The question arises as to whether the increased severity-adjusted mortality in group C could be an artefact. SAPS II has been shown to lack prognostic accuracy when applied to populations other than the one from which it was derived [35, 36]. We have shown, however, that medical reasons for admission have a higher severity-adjusted mortality than surgical reasons for admission [18]. In our study, group B ICUs had a much higher incidence of medical admissions than did group C (Table 1). If case-mix differences influenced our O/E ratios, we would expect group B to have a higher severity-adjusted mortality than group C. Our data show exactly the opposite, which renders our results even more reliable.

In addition, multivariate analysis allowed us to adjust for a majority of what constitutes case mix: we were able to rule out the influence of age, gender, severity of illness at admission and reason for admission. We can therefore virtually exclude the possibility that our results were influenced by differences in case mix of patients between the three groups. Of course, we cannot fully exclude the possibility that other confounding variables might have influenced the difference in O/E ratios between groups. Nevertheless, it is important that the (patient-based) association between interventions and outcome remained highly significant throughout all analyses. Our results thus provide strong evidence that this association was at least partly responsible for the increased risk-adjusted mortality in group C patients.

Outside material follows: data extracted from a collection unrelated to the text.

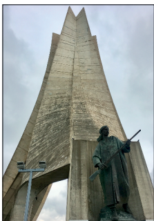
Insert © here

Global health is not merely a constellation of diseases, a collection of national health systems, or even a set of values. It is a way of looking at our world. It seeks to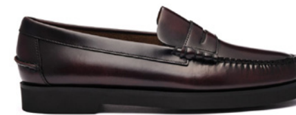
903 BROWN BURGUNDY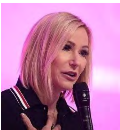
Rev. Paula White, here June 11, 2021 in Grapevine, Texas

What can we learn from these findings? They can be viewed from both an individual and an epidemiological perspective. In an attempt to achieve the best outcome for their patients (individual perspective), physicians will often use a strategy to reduce the “maximum risk” as far as possible and therefore use available resources to whatever extent they think is necessary. In large hospitals, more resources are available and (until now) fewer restrictions have been applied, especially in the care of critically ill patients. As our results suggest (epidemiological perspective), such a strategy might, however, increase the “average risk” and thus there might be a level of invasive treatment beyond which the associated risks outweigh the benefits. We acknowledge, of course, that in everyday practice it is difficult to apply such statistically derived results to an individual patient. Nevertheless, when decisions about invasive treatments are to be made, intensivists should always consider both the possible benefits associated with an intervention and the associated risks. Although our results cannot be used to answer the question, “How much treatment is optimal?,” they should encourage practising intensivists to carefully consider the issues we have raised.